On Fri, Feb 6, 2015 at 8:24 PM, Thomas Güttler <h...@tbz-pariv.de> wrote:

> Hi,
>
> we want to make the changes in our applications better visible for our
> customers.
>
> We use several git repos:
>
>  - foo_customer: Here settings.py lives. It is quite small.
>
>  - foo_core: Central part of our application. The same code gets used for
> several customers.
>
>  - foo_plugin_bar: Just an example. There are several optional plugins.
>
> Here is my current road map:
>
> A nice interface for the customer implies: The changes need to be stored in
> the database. This makes it easy to sort and filter the changes.
>
> The origins of the changes are the git repos. I don't want to show
> the customer our commit messages. I want a manual step from
> commits to ChangeLog. But that's ok. This could be optimized later.
>
> Use Case: A developer merged a feature branch into foo_core.
> He needs to create a ChangeLog.

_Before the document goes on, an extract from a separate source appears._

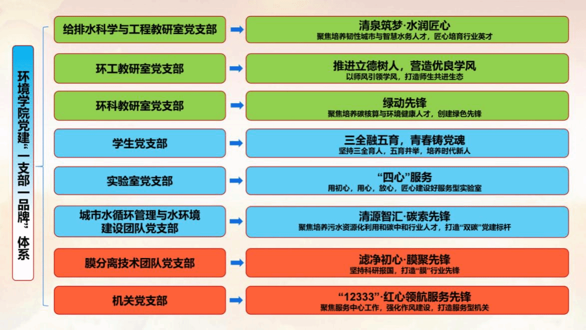 坚守一个核心使命,推动基层党组织全面进步全面过硬。强化制度落实。落实党支部“三会一课”、谈心谈话、主题党日等制度并开展专项检查整改,每半年查阅一次支部会议记录。建立党支部书记工作例会制度,完善党委委员联系党支部制度,加强对支部工作指导。制定党支部书记抓党建述职评议考核办法,“领导点评+党员测评”相结合,突出结果运用,强化激励效应。绘制党员发展流程图,严格标准程序,提高党员发展质量。打造特色品牌。以“党建红”引领“生态绿”,凝练富有环境特色的党建品牌,制定“一支部一品牌”创建方案,培育更多“样板支部”和“双带头人工作室”。比如,给排水科学与工程教研室聚焦为韧性城市建设培养智慧水务人才,提出“清泉筑梦·水润匠心”建设品牌;膜分离技术团队党支部聚焦研发新一代膜技术,提出了“滤净初心·膜聚先锋”建设品牌,等等。建强头雁队伍。严格规范程序,完成6个教工党支部换届,10余名热心党建、业务水平高、群众基础好的年轻党员教师进入支部班子,“双带头人”队伍更加壮大。创新活动载体。推动党建“走出去”,与同济大学等一流大学哔咔漫画 、北控水务集团等行业龙头企业、学校党办校办党支部等开展联合共建。丰富支部活动,持续开展“永远跟党走、奋进新征程”“党建引领聚合力、学风建设促发展”等主题活动60余次。发挥“两个作用”。在转型升级、招生就业、稳定安全等重点工作中,党支部聚人心、强保障,党员走在前、作表率,基层党组织政治功能、组织功能不断增强。强化工作保障。近三年共投入党建经费30余万元,用于党建“双创”、党建活动室升级改造、活动开展等。

The ChangeLog gets stored
> into the git repo, but on the next deploy some tool reads
> the new changes and puts them into the database.
>
> ChangeLogs need to be tag-able: You can apply tags like
> "performance-improvement"
> "new-feature" "bug-fix".
>
>
> I searched the web, but could not find something like this.
>
> Before I start to code, I want to get some feedback:
>
> What do you think?
>

To me - it sounds like something pretty closely tied to your own
development process, branching policies, and customer relationships. I have
no difficulty seeing how this could be implemented as a Django app - and a
fairly trivial one at that - your average change log is really not much
more than:

class Change(Model):
    message = TextField()
    created = DateTimeField()
    change_type = IntegerField(choices=CHANGE_TYPES)

How do you handle your ChangeLogs.
>

Through a process that is completely unrelated to the commit process.

For me, minimising the number of customer communications is key. I have
difficulty getting users to read and comprehend the notifications I *do*
send them - sending them complete change logs would be overkill, and would
result in important messages (like YOU NEED TO UPDATE YOUR ACCOUNT SETTINGS
OR THINGS WILL STOP WORKING) being ignored. As it is, these messages are
often ignored, and I need to follow up with individual users.

My audience would gain nothing from a fine grained commit log telling them
about every bug fix or performance improvement. They just want the system
to work. If it doesn't work, they email me, and they'd like to know when it
is fixed. To that end, I might not even send out a notification for a new
*feature*, unless that feature is something that has been requested by
them, or it will impact on the way they're using the system.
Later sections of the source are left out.